Monday, March 14, 2022

What is your story's praxis?

 

I like to listen to the author readings of their own stories in the New Yorker podcast. It's an enjoyable way to keep up with what's going on in literary fiction, and often inspires bloggy-type ruminations for me. A recent story, “Wood Sorrel House” by Zach Williams, made me think about the "story praxis", which is my own not-very-precise term for "what the central process is". Determining this is more helpful, I think, in a short story because they are usually more focused and narrow in purpose than a novel. But it might be useful also to consider what your story's central process is, even in a novel.

For example, the praxis (or process or progression) might be an interrogation or a quest or... Well, in this story, the praxis is a puzzle-- one that is never solved. This isn't a real spoiler-- the question is posed on the second page-- but the main characters find themselves in a remote cabin with no neighbors, phone, internet, or memory of how they came to be here.  That's the puzzle at the center: Who put them here and why?
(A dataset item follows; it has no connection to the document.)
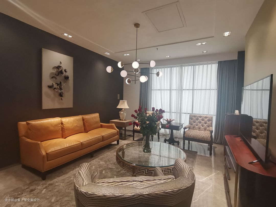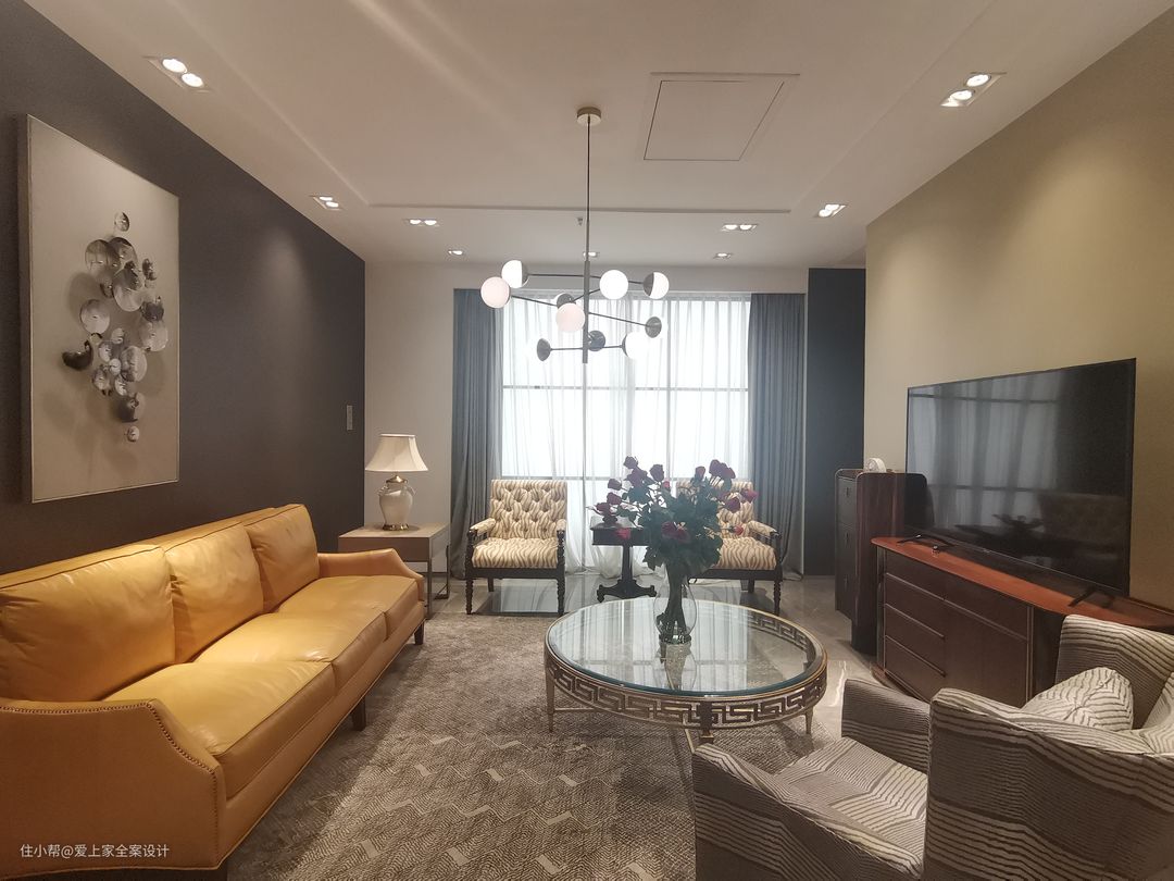 客厅吊顶内隐藏的射灯除了洗墙的功能外,也是全屋灯光层次的重要组成部分。虽然目前市面上流行无主灯的设计,但在装饰意义上来说,客厅的吊灯确实是美元素的一部分。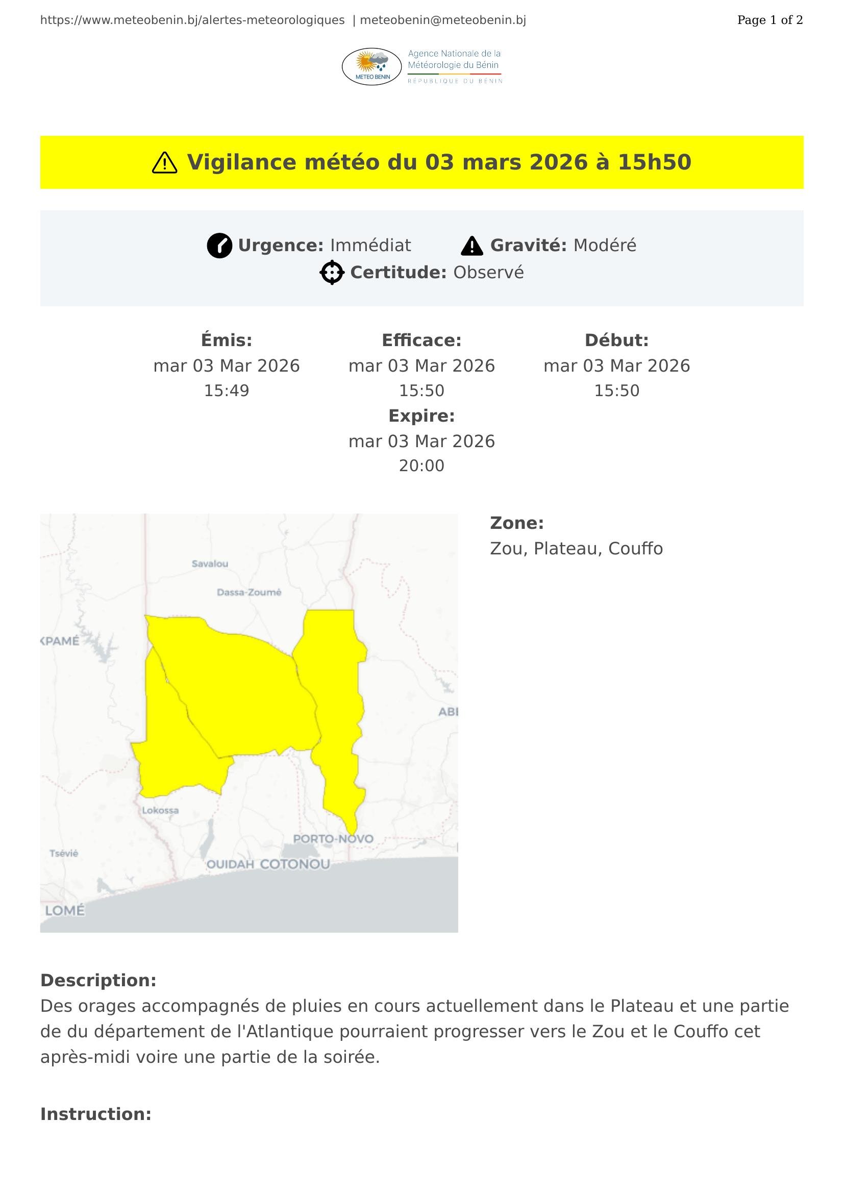 Des orages accompagnés de pluies en cours actuellement dans le Plateau et une partie de du département de l'Atlantique pourraient progresser vers le Zou et le Couffo cet après-midi voire une partie de la soirée.

It's a very intriguing puzzle, and shapes the story both narratively (as they try to figure it out) and syntactically (the prose style is descriptive and observational). What makes this a New Yorker story, I think, is that they never do find out. They keep creating tests and experimenting and seeking clues, but that quest becomes so circular, they start to lose track of why they are even trying. There's a spiral-shape, I think, to the narrative, as they circle and circle the question, and it always takes them deeper into un-knowing.